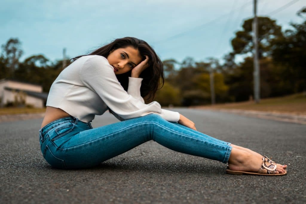 पहने स्किनी जींस
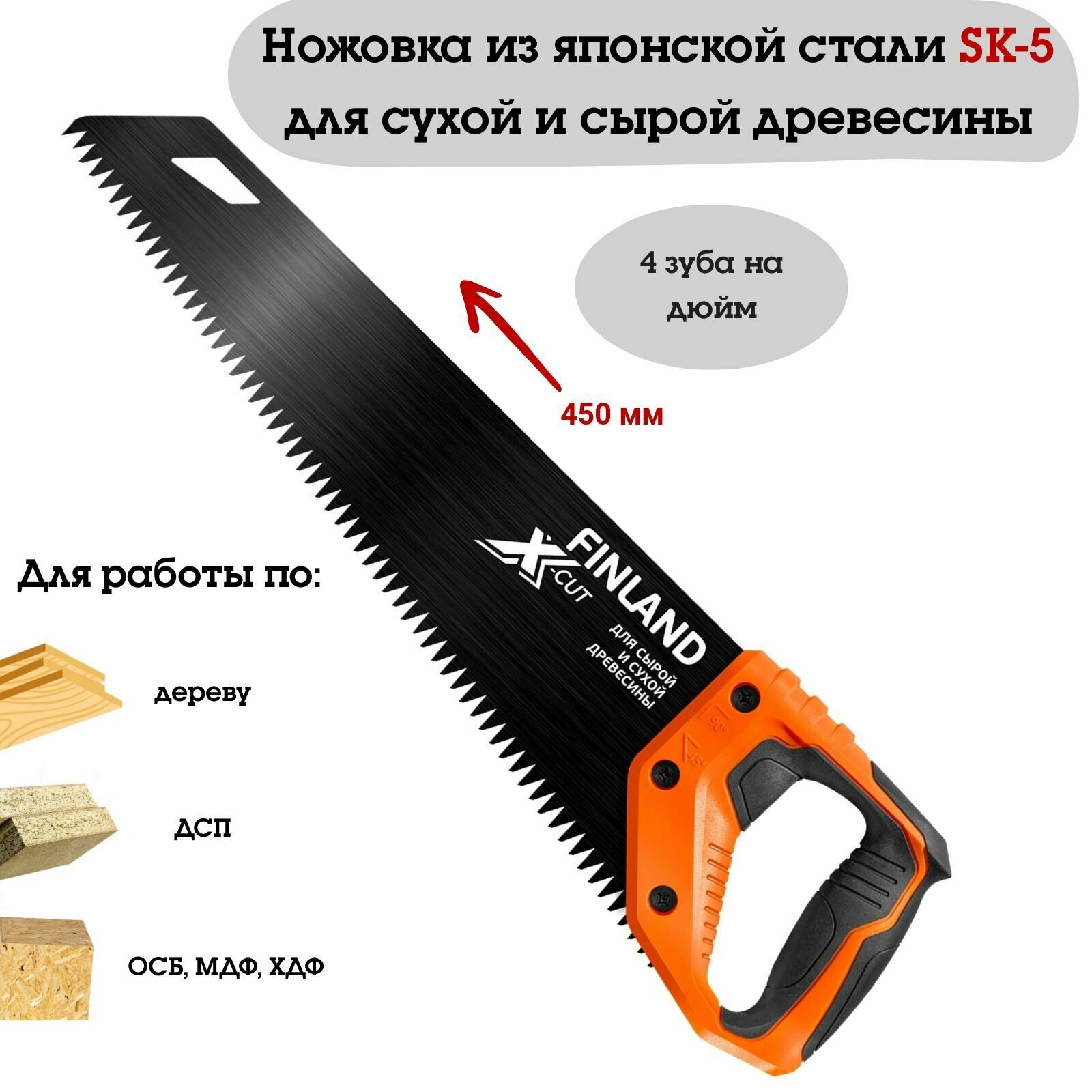 Ножовка FINLAND 1955, для сырого дерева, 450мм
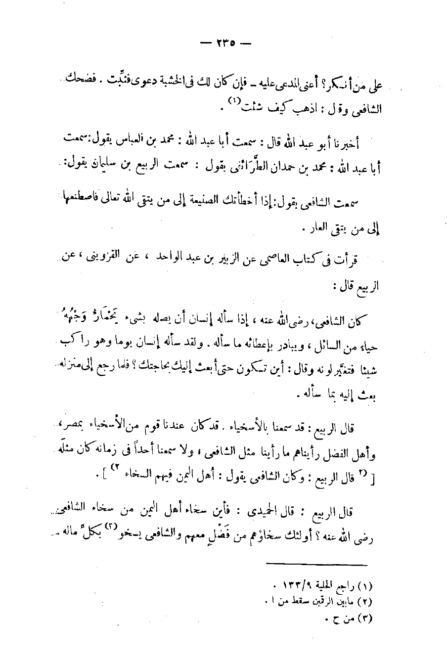 قال الربيع: قال الحميدي: فأين سخاء أهل اليمن من سخاء الشافعي رضي الله عنه؟ أولئك سخاؤهم من فَضْلٍ معهم والشافعي يسخو (٣) بكلِّ ماله.
◆ ◆ ◆ ◆
**Exercise instructions:** Wherever a picture appears in the listing above, drop it, and restate the rest exactly.

**Your solution:**
 पहने स्किनी जींस
 Ножовка FINLAND 1955, для сырого дерева, 450мм
 قال الربيع: قال الحميدي: فأين سخاء أهل اليمن من سخاء الشافعي رضي الله عنه؟ أولئك سخاؤهم من فَضْلٍ معهم والشافعي يسخو (٣) بكلِّ ماله.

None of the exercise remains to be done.